Última Atualização: 30/07/2025


D’água Negra por Louise Amendola
D’água Negra por Louise Amendola

A ausência histórica de referências LGBTQIAP+ na cultura mainstream impacta diretamente as possibilidades de existência e identificação de sujeitos dissidentes. Durante décadas, figuras como Ney Matogrosso ocuparam um lugar ambíguo na percepção pública — admiradas por seu talento, mas frequentemente alvos de comentários marcados por preconceito velado. Para quem viveu a juventude no início da década de 2010, ainda era raro encontrar artistas abertamente LGBTQIAP+ no circuito popular. No entanto, a partir de 2015, nomes como Jaloo, Leo Fressato, Liniker, As Baías (à época ainda acompanhadas da Cozinha Mineira), Linn da Quebrada, Davi Sabbag, Mel, Mateus Carrilho e Lineker (hoje Yantó) começaram a surgir com mais visibilidade, marcando uma virada importante na representatividade da música brasileira contemporânea.


É possível ser uma artista assumidamente LGBTQIAP+ (apesar do preconceito, apesar das exclusões em certos circuitos, apesar de muitos pesares) e cantar sobre isso (ou não). Em uma época não muito distante, era preciso utilizar certas metáforas para dizer o que seria “proibido” ou o que poderia ser censurado, como Renato Gonçalves trabalha em Elas Duas (GONÇALVES, 2016) quando cita o sutil “jogo de damas” da canção “Valeu”, de Marina Lima, ou — como ele diz — o erótico “vermelho de horizontes distintos” em “Ciúme de mim”, de Cláudia Dorei. Gonçalves comenta que essas referências só são compreendidas por quem é “entendido”, termo utilizado por muito tempo para designar o indivíduo homossexual. 

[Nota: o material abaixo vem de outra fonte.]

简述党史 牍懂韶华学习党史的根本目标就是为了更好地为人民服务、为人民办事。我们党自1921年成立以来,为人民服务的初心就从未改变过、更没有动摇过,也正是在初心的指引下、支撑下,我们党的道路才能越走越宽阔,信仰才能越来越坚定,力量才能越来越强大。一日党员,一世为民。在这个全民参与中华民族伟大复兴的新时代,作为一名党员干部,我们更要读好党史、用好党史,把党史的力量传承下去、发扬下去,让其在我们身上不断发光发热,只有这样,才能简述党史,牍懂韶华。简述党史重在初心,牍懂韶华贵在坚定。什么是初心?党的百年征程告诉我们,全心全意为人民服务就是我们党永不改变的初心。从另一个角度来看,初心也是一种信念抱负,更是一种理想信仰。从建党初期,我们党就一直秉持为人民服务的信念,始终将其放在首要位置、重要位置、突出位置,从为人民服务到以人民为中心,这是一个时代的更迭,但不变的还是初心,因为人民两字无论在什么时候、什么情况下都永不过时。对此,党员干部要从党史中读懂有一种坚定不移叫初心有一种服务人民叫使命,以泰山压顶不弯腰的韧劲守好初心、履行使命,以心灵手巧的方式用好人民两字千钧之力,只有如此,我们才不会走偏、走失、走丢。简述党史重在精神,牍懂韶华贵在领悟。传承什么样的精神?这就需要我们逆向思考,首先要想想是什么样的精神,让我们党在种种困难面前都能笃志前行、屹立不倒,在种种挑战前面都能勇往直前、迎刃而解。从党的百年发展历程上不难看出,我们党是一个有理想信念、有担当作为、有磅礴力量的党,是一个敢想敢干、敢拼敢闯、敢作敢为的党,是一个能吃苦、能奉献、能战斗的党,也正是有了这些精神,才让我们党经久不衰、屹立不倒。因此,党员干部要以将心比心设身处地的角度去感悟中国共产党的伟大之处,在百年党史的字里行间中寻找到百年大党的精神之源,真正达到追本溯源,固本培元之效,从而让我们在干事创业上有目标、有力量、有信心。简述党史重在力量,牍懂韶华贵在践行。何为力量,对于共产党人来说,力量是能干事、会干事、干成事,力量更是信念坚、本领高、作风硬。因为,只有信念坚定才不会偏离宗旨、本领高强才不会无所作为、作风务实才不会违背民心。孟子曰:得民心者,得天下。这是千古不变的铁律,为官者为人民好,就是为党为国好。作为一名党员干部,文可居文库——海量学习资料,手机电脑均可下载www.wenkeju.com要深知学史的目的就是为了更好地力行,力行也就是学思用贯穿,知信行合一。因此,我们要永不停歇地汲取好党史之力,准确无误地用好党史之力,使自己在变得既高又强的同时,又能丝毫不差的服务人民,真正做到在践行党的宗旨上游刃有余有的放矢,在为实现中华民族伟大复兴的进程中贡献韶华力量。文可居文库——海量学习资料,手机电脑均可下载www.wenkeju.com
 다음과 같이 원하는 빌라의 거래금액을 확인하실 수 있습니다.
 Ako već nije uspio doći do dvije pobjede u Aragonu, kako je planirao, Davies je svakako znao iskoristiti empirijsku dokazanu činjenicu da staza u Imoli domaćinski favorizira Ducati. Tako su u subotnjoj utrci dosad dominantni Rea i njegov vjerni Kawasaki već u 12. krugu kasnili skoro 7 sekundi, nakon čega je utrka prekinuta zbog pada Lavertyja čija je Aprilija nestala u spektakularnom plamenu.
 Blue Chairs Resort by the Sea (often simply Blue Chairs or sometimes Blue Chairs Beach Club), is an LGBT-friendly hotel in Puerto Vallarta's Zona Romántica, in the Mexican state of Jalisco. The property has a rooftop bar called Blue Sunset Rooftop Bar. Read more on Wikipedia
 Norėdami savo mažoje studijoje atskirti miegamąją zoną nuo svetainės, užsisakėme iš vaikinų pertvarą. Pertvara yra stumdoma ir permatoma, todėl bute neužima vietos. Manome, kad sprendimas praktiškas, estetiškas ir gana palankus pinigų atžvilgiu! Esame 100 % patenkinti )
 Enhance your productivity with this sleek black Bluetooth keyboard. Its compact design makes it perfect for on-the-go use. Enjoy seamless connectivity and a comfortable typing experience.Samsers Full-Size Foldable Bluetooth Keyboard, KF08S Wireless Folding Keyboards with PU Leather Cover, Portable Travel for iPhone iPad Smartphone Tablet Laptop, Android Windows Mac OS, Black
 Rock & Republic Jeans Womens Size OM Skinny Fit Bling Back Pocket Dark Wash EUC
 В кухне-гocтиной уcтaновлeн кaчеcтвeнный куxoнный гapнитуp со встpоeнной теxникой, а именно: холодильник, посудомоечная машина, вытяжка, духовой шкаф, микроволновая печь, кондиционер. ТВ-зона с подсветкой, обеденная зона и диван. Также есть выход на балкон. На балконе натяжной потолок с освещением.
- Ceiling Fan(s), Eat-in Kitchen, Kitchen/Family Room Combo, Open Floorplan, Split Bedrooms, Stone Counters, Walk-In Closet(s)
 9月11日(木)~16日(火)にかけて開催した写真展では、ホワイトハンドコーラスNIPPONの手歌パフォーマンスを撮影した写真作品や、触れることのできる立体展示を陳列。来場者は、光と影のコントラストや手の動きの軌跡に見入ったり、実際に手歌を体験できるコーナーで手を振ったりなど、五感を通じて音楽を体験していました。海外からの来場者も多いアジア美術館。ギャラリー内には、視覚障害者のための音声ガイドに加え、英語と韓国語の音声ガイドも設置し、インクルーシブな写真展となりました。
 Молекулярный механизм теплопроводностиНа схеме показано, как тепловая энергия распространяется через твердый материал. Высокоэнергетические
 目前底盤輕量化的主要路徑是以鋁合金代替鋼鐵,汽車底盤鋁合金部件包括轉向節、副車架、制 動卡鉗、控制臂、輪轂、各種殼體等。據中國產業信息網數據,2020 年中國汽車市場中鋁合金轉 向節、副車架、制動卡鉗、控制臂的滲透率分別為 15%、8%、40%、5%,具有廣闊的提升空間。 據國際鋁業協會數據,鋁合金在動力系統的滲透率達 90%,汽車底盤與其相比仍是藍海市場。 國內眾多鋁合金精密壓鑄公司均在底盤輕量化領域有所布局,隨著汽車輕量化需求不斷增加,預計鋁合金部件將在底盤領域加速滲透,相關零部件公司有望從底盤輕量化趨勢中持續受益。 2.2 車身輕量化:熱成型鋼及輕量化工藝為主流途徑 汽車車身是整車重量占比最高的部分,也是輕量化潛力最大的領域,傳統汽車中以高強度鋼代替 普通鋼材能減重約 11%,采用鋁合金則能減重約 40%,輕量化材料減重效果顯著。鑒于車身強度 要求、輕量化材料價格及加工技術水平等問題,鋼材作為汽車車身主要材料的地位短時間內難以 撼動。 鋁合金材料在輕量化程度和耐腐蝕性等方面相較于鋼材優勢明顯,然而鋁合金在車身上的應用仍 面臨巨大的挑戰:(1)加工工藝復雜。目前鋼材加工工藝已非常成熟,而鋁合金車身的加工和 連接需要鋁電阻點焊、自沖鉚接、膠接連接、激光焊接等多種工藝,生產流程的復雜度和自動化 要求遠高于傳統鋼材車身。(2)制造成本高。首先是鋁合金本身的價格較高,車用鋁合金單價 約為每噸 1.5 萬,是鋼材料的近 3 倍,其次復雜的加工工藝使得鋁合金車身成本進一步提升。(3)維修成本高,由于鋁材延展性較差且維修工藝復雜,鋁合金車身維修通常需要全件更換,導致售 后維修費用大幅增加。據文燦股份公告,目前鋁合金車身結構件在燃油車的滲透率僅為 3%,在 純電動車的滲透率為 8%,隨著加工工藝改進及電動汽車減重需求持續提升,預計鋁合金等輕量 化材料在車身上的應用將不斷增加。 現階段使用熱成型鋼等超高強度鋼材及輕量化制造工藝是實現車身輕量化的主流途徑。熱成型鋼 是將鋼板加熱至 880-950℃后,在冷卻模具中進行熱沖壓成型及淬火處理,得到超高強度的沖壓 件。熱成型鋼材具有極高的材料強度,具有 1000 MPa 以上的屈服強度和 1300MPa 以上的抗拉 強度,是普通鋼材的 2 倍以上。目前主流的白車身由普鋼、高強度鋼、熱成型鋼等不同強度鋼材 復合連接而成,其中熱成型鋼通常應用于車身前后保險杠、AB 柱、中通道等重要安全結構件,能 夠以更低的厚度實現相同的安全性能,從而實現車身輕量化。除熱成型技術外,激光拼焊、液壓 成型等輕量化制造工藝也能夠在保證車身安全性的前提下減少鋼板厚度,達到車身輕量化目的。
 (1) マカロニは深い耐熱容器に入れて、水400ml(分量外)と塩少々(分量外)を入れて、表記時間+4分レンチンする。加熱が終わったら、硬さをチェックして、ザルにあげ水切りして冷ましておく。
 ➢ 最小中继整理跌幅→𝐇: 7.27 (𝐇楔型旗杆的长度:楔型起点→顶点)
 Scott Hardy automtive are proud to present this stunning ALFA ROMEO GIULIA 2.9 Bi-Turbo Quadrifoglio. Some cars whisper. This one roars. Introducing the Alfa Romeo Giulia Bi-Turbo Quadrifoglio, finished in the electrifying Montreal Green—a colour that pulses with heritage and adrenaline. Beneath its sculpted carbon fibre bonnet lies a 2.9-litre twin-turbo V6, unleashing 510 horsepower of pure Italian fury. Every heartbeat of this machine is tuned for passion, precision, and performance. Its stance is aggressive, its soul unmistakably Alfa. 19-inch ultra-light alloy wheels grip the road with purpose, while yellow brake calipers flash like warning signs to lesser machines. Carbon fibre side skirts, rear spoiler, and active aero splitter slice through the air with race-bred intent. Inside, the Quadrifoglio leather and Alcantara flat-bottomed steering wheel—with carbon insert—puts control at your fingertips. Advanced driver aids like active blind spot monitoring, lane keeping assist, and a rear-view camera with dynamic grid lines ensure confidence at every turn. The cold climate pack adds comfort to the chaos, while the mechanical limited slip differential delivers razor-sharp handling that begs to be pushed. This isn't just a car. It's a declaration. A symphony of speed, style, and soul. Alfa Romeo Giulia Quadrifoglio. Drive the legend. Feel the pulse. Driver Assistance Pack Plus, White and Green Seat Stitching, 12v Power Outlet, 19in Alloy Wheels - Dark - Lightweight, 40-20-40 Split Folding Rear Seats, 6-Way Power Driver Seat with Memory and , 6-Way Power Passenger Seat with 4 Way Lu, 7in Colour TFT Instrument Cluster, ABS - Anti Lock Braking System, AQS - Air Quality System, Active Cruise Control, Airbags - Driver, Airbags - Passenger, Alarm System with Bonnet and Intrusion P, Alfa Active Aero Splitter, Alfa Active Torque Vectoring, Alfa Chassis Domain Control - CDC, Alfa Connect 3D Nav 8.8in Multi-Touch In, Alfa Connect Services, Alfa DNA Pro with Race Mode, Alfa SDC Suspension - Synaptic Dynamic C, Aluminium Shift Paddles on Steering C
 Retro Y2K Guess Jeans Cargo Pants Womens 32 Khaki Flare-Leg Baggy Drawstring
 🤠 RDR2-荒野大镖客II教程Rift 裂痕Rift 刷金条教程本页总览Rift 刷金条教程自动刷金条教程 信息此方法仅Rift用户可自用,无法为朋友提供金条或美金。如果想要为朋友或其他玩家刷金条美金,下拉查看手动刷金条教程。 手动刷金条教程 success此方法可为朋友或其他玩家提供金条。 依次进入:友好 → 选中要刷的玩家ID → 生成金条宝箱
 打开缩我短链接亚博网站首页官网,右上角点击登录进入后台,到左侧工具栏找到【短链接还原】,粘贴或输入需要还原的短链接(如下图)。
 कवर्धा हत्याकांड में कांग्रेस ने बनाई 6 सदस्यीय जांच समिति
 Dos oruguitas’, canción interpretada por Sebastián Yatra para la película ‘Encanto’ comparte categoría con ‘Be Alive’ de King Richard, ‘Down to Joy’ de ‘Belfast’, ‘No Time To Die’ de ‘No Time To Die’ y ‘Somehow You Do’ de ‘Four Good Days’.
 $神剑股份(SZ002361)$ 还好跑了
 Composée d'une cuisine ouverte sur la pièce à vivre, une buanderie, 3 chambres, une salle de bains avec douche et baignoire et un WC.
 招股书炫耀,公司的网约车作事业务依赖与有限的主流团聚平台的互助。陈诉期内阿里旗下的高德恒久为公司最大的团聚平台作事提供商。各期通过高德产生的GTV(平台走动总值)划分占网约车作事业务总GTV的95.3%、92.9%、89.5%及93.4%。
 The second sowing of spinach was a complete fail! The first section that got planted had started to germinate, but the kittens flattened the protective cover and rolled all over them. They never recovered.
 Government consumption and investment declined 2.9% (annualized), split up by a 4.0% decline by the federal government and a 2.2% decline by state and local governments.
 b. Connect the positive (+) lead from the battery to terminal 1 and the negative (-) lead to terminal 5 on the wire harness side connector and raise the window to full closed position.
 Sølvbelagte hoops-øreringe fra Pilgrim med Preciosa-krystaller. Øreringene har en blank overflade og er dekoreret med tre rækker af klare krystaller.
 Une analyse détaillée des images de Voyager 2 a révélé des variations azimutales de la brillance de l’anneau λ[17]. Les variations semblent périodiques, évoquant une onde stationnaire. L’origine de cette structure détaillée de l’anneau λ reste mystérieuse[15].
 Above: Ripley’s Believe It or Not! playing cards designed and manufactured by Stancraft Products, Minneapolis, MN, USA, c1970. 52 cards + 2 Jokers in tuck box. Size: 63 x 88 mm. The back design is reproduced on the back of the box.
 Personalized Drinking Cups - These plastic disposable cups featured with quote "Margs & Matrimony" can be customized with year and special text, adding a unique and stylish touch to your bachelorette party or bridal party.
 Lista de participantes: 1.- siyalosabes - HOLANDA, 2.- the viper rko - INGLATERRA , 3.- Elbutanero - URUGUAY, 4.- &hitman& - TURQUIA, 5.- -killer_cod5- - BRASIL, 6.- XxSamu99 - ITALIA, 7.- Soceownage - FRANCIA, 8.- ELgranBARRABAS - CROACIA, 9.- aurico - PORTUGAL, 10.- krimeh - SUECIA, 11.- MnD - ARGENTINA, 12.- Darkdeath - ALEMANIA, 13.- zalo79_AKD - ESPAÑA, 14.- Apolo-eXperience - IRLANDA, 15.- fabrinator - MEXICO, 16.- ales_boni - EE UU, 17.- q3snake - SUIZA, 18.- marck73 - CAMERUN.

Entre os artistas contemporâneos, muitos vêm assumindo vozes líricas queers em suas canções — com ou sem a necessidade de explicitar essa dissidência — para abordar afetos, inquietações e experiências a partir de perspectivas LGBTQIAP+.


Este levantamento reúne alguns desses nomes, analisa suas composições e inclui declarações que aprofundam o entendimento sobre como esses artistas constroem narrativas dissidentes na música popular brasileira.


Um grupo que você precisa ficar de olho é o D’água Negra. O trio manauara, que mistura influências do jazz com música eletrônica, oscila entre o elegante e o bagaceira com muita classe. Lançaram um EP em 2021, o Erógena, trabalho que passa por assuntos desde o caos pandêmico (e o descaso que aconteceu neste país, no antigo governo) até outras subjetividades do grupo. Vale destacar que os três integrantes — Melka, Clariana e Belch — se identificam como pansexuais.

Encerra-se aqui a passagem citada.